Le propriétaire d'un moulin revendique en justice la propriété du canal d'amenée d'eau (le « bief »), des vannages et d'une bande de terre constituant le franc-bord du canal, tous situés sur les parcelles de voisins. Sa demande rejetée en appel, l'intéressé porte l'affaire devant la Cour de cassation. Il s'appuie notamment sur un droit d'usage de la force motrice produite par l'écoulement d'eaux courantes, lequel emporte présomption de propriété, au bénéfice du « maître » du moulin, des canaux et des dispositifs utiles à l'usage de celui-ci.

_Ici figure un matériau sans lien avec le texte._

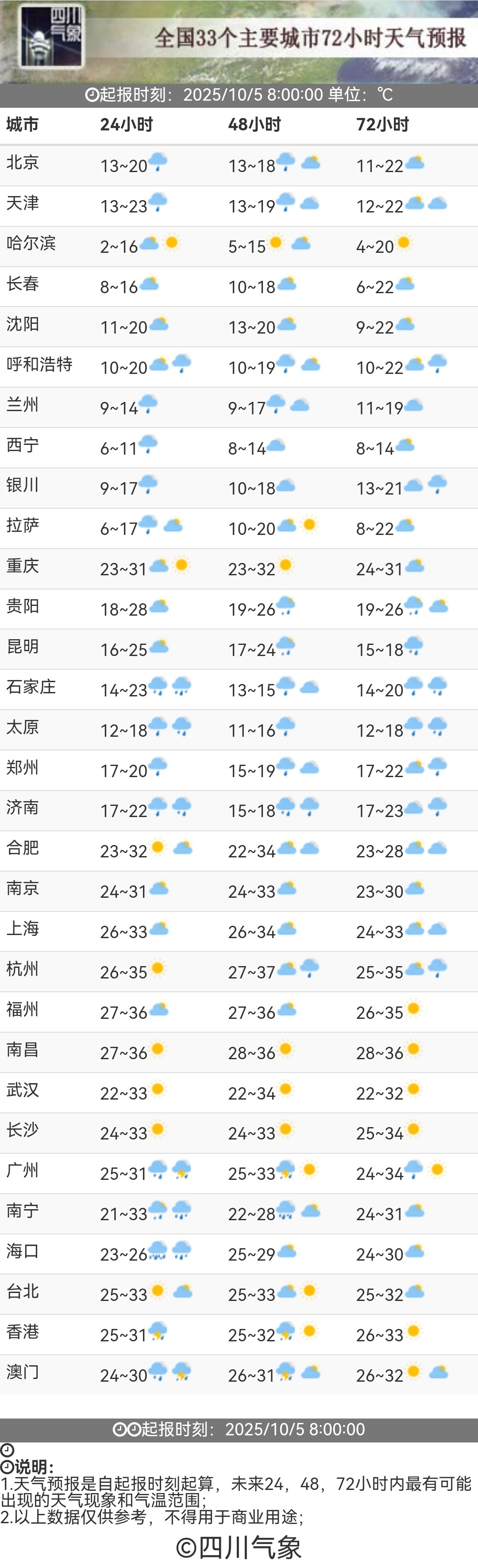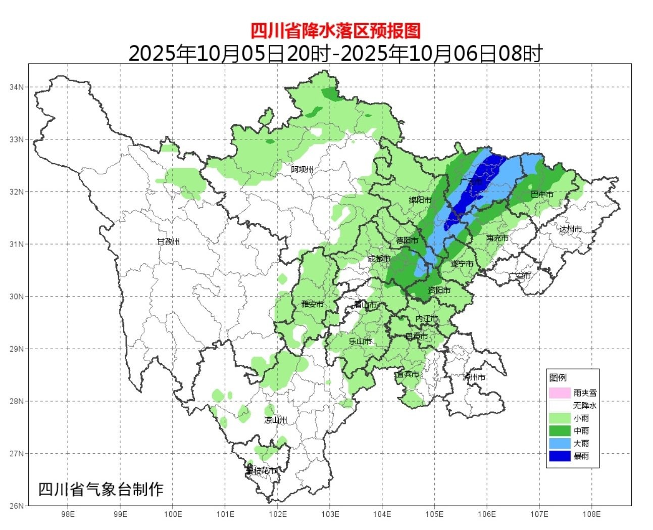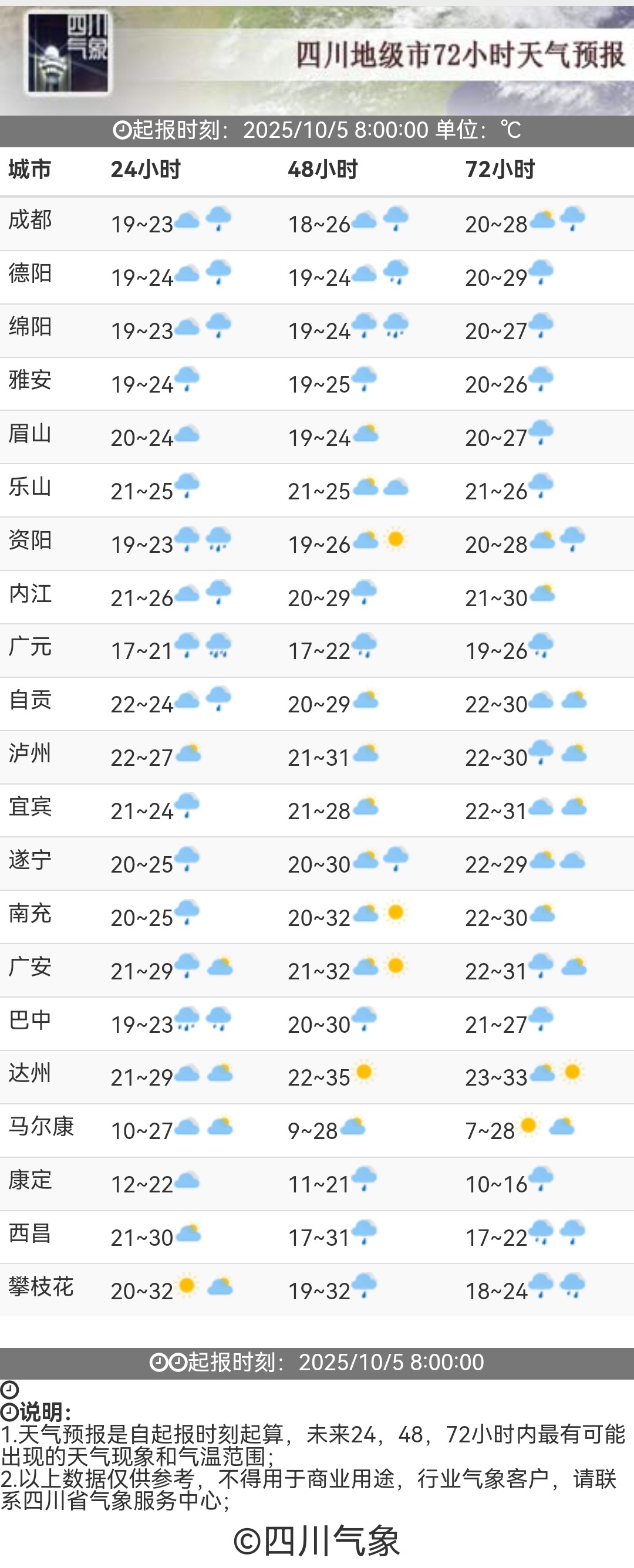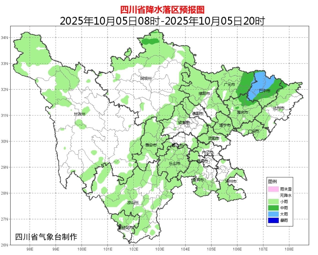据四川省气象台今天(10月5日)早间最新预报,5日至7日,盆地多阵雨或小雨,其中盆地北部有中到大雨,局部暴雨,部分地方强降水落区与前期多重叠,累积雨量较大;川西高原和攀西地区多阵性降水。

Rejet du pourvoi. Certes, le droit d'usage invoqué était « fondé en titre », son existence étant établie avant l'abolition des droits féodaux. Mais aux termes d'une convention passée en 1969 entre l'association nationale de la meunerie française et le précédent propriétaire du moulin, ce dernier, qui avait cessé son activité, s'était engagé à démonter le matériel du moulin moyennant indemnisation. Le démontage ayant bien été effectué, les juges d'appel en ont déduit à bon droit larenonciation de l'ancien propriétaire au droit d'usage de la force motrice du ruisseau.
Un établissement (moulin, usine) riverain d'un cours d'eau justifie d'un droit sur l'eau « fondé en titre » lorsqu'il a été autorisé avant l'Edit de Moulins de 1566, s'il existait avant l'abolition de la féodalité par le décret du 4 août 1789 ou encore s'il a été acquis lors d'une vente de biens nationaux pendant la Révolution. La Cour de cassation a déjà eu l'occasion de préciser que la « renonciation à un [tel] droit ne se déduit pas de la seule inaction de son titulaire et ne peut résulter que d'actes manifestant sans équivoque la volonté de renoncer (Cass. 3e civ. 1-4-1992 n° 90-14.066 : Bull. civ. III n° 115, RTD civ. 1993 p. 851 obs. F. Zenati). Loin de contredire cette solution, les juges ont ici déduit la renonciation du comportement positif du titulaire du droit.